*** DATASET CONTENT Section Begins ***

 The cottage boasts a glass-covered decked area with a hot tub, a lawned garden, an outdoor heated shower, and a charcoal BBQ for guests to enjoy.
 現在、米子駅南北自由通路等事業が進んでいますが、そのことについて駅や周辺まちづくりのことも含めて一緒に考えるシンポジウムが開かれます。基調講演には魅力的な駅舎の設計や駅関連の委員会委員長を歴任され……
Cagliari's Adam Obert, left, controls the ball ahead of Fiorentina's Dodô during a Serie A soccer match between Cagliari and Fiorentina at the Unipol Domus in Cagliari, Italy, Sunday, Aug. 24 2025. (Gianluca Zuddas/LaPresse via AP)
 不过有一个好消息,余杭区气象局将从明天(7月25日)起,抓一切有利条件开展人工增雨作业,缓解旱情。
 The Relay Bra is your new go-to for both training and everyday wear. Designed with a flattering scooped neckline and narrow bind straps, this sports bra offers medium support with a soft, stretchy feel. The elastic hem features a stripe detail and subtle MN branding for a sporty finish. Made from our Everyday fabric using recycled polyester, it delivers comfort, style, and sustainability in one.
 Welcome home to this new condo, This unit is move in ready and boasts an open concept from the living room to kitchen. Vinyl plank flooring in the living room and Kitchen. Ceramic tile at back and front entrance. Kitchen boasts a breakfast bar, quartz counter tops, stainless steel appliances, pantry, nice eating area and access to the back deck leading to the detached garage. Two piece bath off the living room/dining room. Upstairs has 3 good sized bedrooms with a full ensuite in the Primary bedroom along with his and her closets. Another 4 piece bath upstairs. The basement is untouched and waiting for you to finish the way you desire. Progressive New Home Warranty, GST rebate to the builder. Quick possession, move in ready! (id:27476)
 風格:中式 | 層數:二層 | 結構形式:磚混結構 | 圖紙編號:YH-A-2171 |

*** DATASET CONTENT Section Ends ***

For each line above that contains the word "boasts", make a copy.

 The cottage boasts a glass-covered decked area with a hot tub, a lawned garden, an outdoor heated shower, and a charcoal BBQ for guests to enjoy.
 Welcome home to this new condo, This unit is move in ready and boasts an open concept from the living room to kitchen. Vinyl plank flooring in the living room and Kitchen. Ceramic tile at back and front entrance. Kitchen boasts a breakfast bar, quartz counter tops, stainless steel appliances, pantry, nice eating area and access to the back deck leading to the detached garage. Two piece bath off the living room/dining room. Upstairs has 3 good sized bedrooms with a full ensuite in the Primary bedroom along with his and her closets. Another 4 piece bath upstairs. The basement is untouched and waiting for you to finish the way you desire. Progressive New Home Warranty, GST rebate to the builder. Quick possession, move in ready! (id:27476)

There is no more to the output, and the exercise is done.